◆ About this task: Where the data below contains pictures, omit them; output the rest word for word.
[Raw data Boundary: Start]
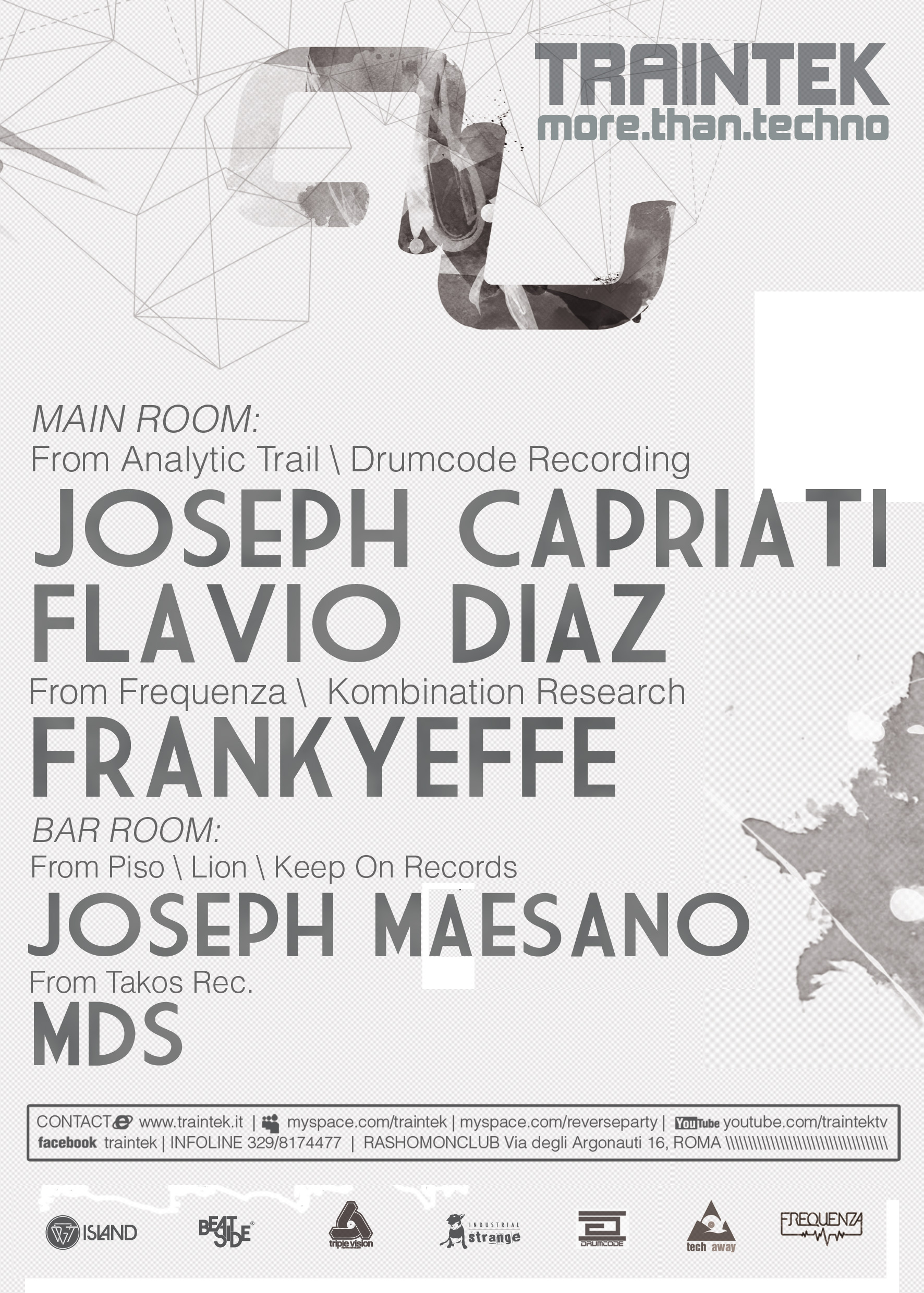 -COMUNICATO STAMPA- TRAINTEK MORE.THAN.TECHNO presents THE GREAT OPENING PARTY featuring JOSEPH CAPRIATI FLAVIO DIAZ FRANKYEFFE Venerdì 15 ottobre 2010 Stagione numero tre per Traintek, l’unico vero evento techno della capitale. Anche quest’anno nella cornice underground del Rashomon Club, musica techno ed elettronica faranno di Traintek uno degli eventi più originali della notte romana. Ad onorare il party di apertura ci saranno Joseph Capriati e Flavio Diaz, giovani e talentuosi artisti appartenenti alla nuova scena underground indipendente partenopea. JOSEPH CAPRIATI Save my soul/ World Tour – Dj e producer,figura centrale della scena elettronica napoletana, dopo aver conquistato fama e prestigio in Italia, si è affacciato prepotentemente nel panorama internazionale con produzioni techno-minimal divenute poi grandi successi: Mikrobiotic, C’est la vie, Orange, Molotov, suonate da artisti come Richie Hawtin, Magda e Paco Osuna hanno fatto in fretta il giro del mondo. Dal 2007 collabora con label di successo come Analytic Trail di Markantonio e dal 2010 con CLR di Chris Liebing e Drumcode di Adam Beyer. I migliori club e festival di tutta Europa, Giappone, Stati Uniti e Sud America lo hanno visto protagonista nonostante la sua giovane età e Joseph continua a ridefinire la sua identità attraverso le più varie ed innovative sfumature del sound techno. https://www.youtube.com/watch?v=gihcV3b_aJo&feature=player_embedded https://www.youtube.com/watch?v=qdUp8Hc_DQg&feature=player_embedded https://www.youtube.com/watch?v=F2oq03xiToc&feature=player_embedded FLAVIO DIAZ- Proveniente del panorama underground napoletano, frequenta a Londra il City of Westminster College e la London School of sound divenendo uno degli artisti di punta dell'etichetta Analytic Trail di Markantonio. Dopo aver collaborato con Rino Cerrone alla realizzazione di Campi flegrei, ep contenente Miseno, passata tra le mani dei massimi nomi della scena elettronica internazionale, nel 2009 esce One last cigarette che arriva fino alla consolle di Carl Cox. Conferma il proprio successo all’inizio del 2010 debuttando con la Drumcode del fondatore della techno Adam Beyer. Club internazionali, festival, prestigiose etichette discografiche: la sua firma nel mondo della musica elettronica conquista ogni giorno maggior successo. https://www.myspace.com/djflaviodiaz
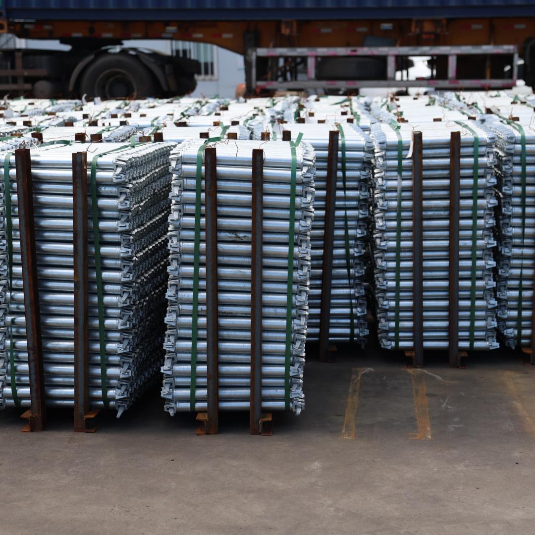 唐山五方实业有限公司主营盘扣式脚手架,光伏支架、配套踏板、钢管等金属结构制品,还可提供地面光伏、屋顶光伏EPC专业化施工。公司始终坚持绿色发展理念,充分发挥特色技术优势,成功研制出以镀锌盘扣圆盘为核心的新型脚手架系统。通过高强度立杆圆盘和自锁式楔销连接等创新技术,搭建效率和稳固性显著提升,搭建速度比传统脚手架快50%以上,同时创新性的镀锌工艺使产品寿命延长,兼具经济性与环保性。
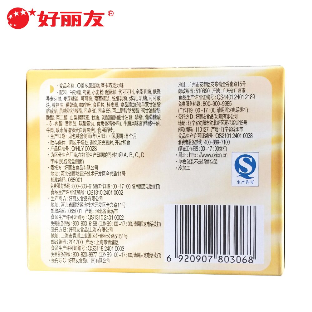【Произведено в марте-апреле】 hao liyou Q Timoka шоколадный аромат 2 штуки 56 г*12 коробок*4 средняя коробка целая коробка торт
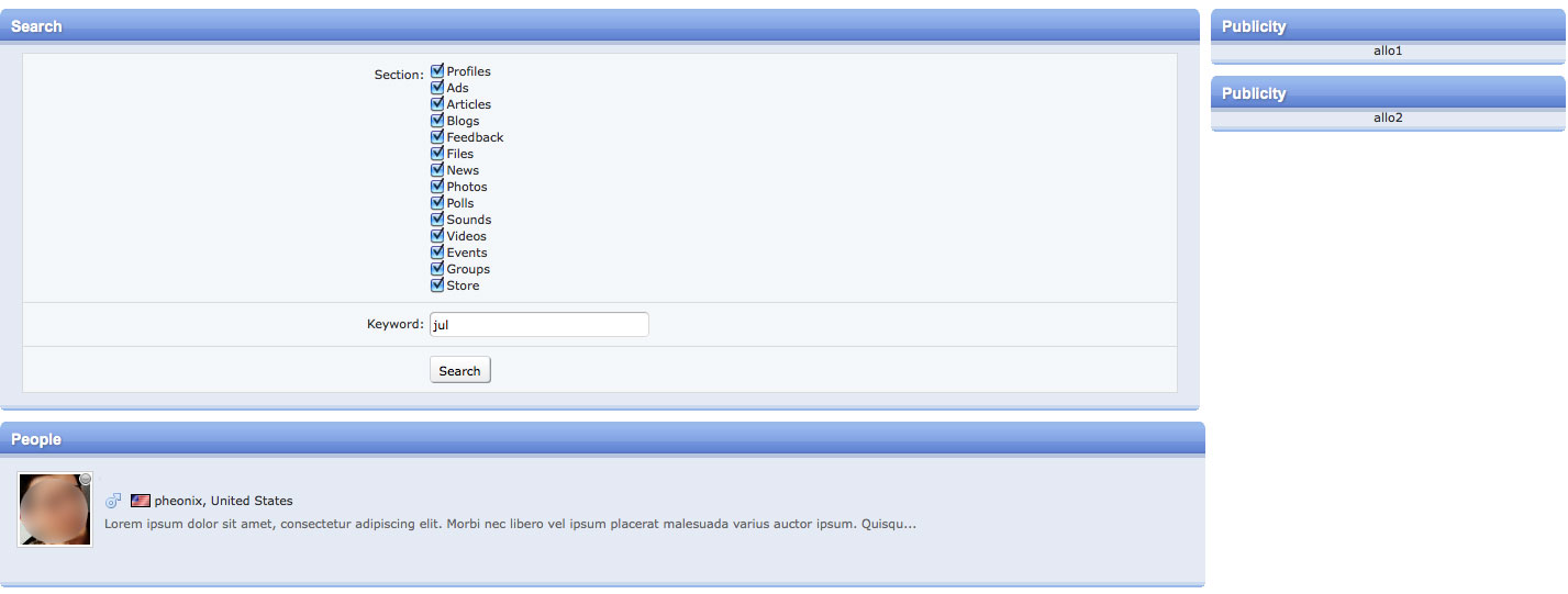 Thanks, it works fine. In SearchKeyword.php To be able to add a column with 2 boxes and keep the search and result in the same column I did this : I replaced the code : $sForm = getSearchForm(); By : $jContent =
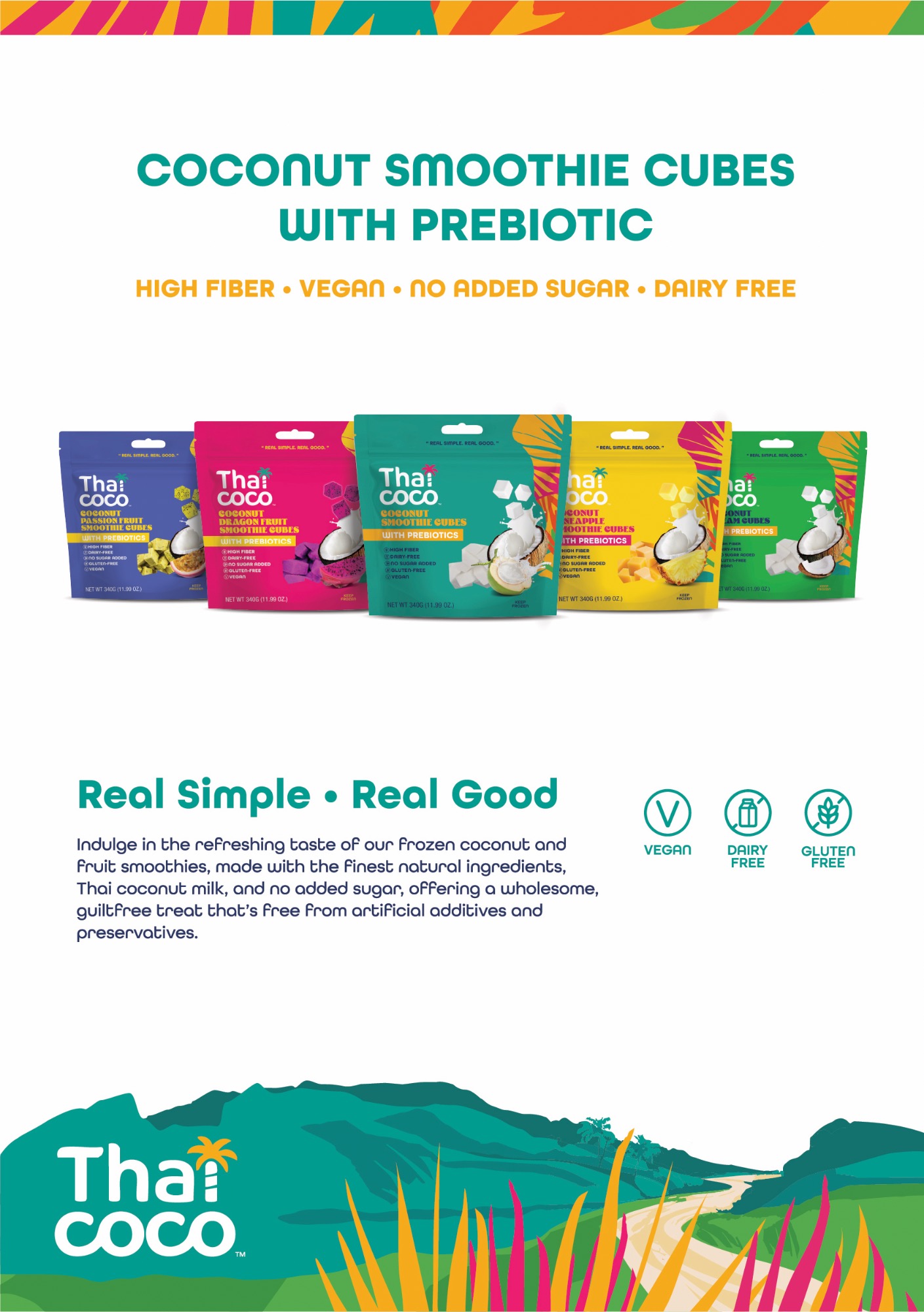 Our Thaicoco Smoothie Cubes with Prebiotic are crafted with a coconut base to deliver a truly tropical taste while nourishing your gut health.Each cube is packed with natural goodness: high in fiber,dairy-free,gluten-free,no sugar added, and 100% vegan. Simply blend with water or your favorite plant-based milk, or enjoy as a daily frozen cubes treat—anytime, anywhere. There are 5 flavors of smoothie cubes to enjoy; Coconut cream, Coconut, Pineapple, Passion fruit, dragon fruit, and pineapple.
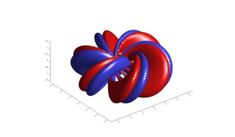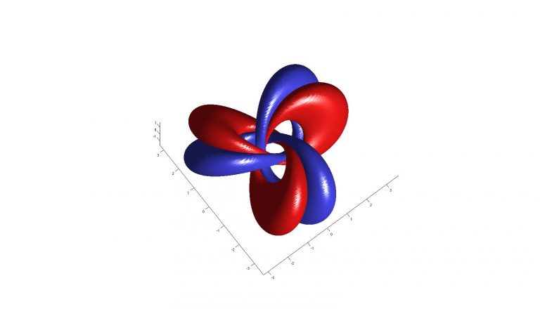 - Interlocking trefoil equipotential surfaces describing the topology of knotted electromagnetic radiation.
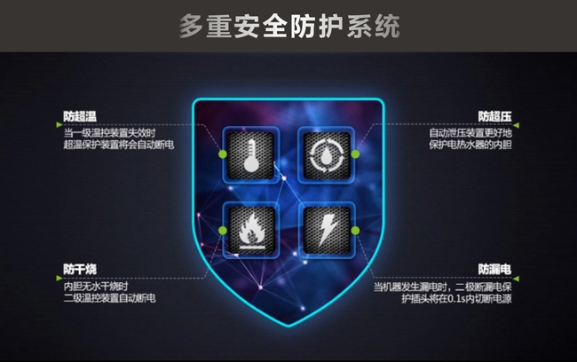 超(chāo)溫、超壓、幹燒(shāo)、漏電(diàn)等多重安全防護裝置(zhì)
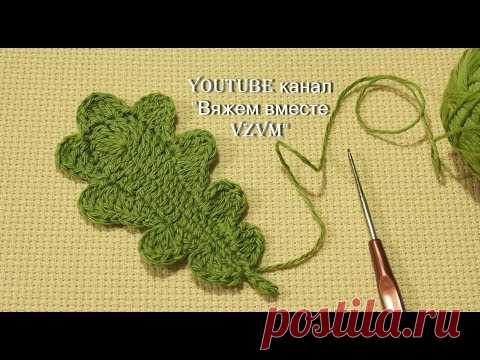 Как связать листик крючком Вязание по схеме дубового листочка Урок 87 leaf crochet
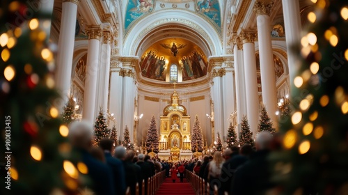 Orthodox church interior with a large congregation celebrating Christmas, children in traditional attire, and festive decor all around
[Raw data Boundary: End]
◆ Response:
 -COMUNICATO STAMPA- TRAINTEK MORE.THAN.TECHNO presents THE GREAT OPENING PARTY featuring JOSEPH CAPRIATI FLAVIO DIAZ FRANKYEFFE Venerdì 15 ottobre 2010 Stagione numero tre per Traintek, l’unico vero evento techno della capitale. Anche quest’anno nella cornice underground del Rashomon Club, musica techno ed elettronica faranno di Traintek uno degli eventi più originali della notte romana. Ad onorare il party di apertura ci saranno Joseph Capriati e Flavio Diaz, giovani e talentuosi artisti appartenenti alla nuova scena underground indipendente partenopea. JOSEPH CAPRIATI Save my soul/ World Tour – Dj e producer,figura centrale della scena elettronica napoletana, dopo aver conquistato fama e prestigio in Italia, si è affacciato prepotentemente nel panorama internazionale con produzioni techno-minimal divenute poi grandi successi: Mikrobiotic, C’est la vie, Orange, Molotov, suonate da artisti come Richie Hawtin, Magda e Paco Osuna hanno fatto in fretta il giro del mondo. Dal 2007 collabora con label di successo come Analytic Trail di Markantonio e dal 2010 con CLR di Chris Liebing e Drumcode di Adam Beyer. I migliori club e festival di tutta Europa, Giappone, Stati Uniti e Sud America lo hanno visto protagonista nonostante la sua giovane età e Joseph continua a ridefinire la sua identità attraverso le più varie ed innovative sfumature del sound techno. https://www.youtube.com/watch?v=gihcV3b_aJo&feature=player_embedded https://www.youtube.com/watch?v=qdUp8Hc_DQg&feature=player_embedded https://www.youtube.com/watch?v=F2oq03xiToc&feature=player_embedded FLAVIO DIAZ- Proveniente del panorama underground napoletano, frequenta a Londra il City of Westminster College e la London School of sound divenendo uno degli artisti di punta dell'etichetta Analytic Trail di Markantonio. Dopo aver collaborato con Rino Cerrone alla realizzazione di Campi flegrei, ep contenente Miseno, passata tra le mani dei massimi nomi della scena elettronica internazionale, nel 2009 esce One last cigarette che arriva fino alla consolle di Carl Cox. Conferma il proprio successo all’inizio del 2010 debuttando con la Drumcode del fondatore della techno Adam Beyer. Club internazionali, festival, prestigiose etichette discografiche: la sua firma nel mondo della musica elettronica conquista ogni giorno maggior successo. https://www.myspace.com/djflaviodiaz
 唐山五方实业有限公司主营盘扣式脚手架,光伏支架、配套踏板、钢管等金属结构制品,还可提供地面光伏、屋顶光伏EPC专业化施工。公司始终坚持绿色发展理念,充分发挥特色技术优势,成功研制出以镀锌盘扣圆盘为核心的新型脚手架系统。通过高强度立杆圆盘和自锁式楔销连接等创新技术,搭建效率和稳固性显著提升,搭建速度比传统脚手架快50%以上,同时创新性的镀锌工艺使产品寿命延长,兼具经济性与环保性。
【Произведено в марте-апреле】 hao liyou Q Timoka шоколадный аромат 2 штуки 56 г*12 коробок*4 средняя коробка целая коробка торт
 Thanks, it works fine. In SearchKeyword.php To be able to add a column with 2 boxes and keep the search and result in the same column I did this : I replaced the code : $sForm = getSearchForm(); By : $jContent =
 Our Thaicoco Smoothie Cubes with Prebiotic are crafted with a coconut base to deliver a truly tropical taste while nourishing your gut health.Each cube is packed with natural goodness: high in fiber,dairy-free,gluten-free,no sugar added, and 100% vegan. Simply blend with water or your favorite plant-based milk, or enjoy as a daily frozen cubes treat—anytime, anywhere. There are 5 flavors of smoothie cubes to enjoy; Coconut cream, Coconut, Pineapple, Passion fruit, dragon fruit, and pineapple.
 - Interlocking trefoil equipotential surfaces describing the topology of knotted electromagnetic radiation.
 超(chāo)溫、超壓、幹燒(shāo)、漏電(diàn)等多重安全防護裝置(zhì)
 Как связать листик крючком Вязание по схеме дубового листочка Урок 87 leaf crochet
 Orthodox church interior with a large congregation celebrating Christmas, children in traditional attire, and festive decor all around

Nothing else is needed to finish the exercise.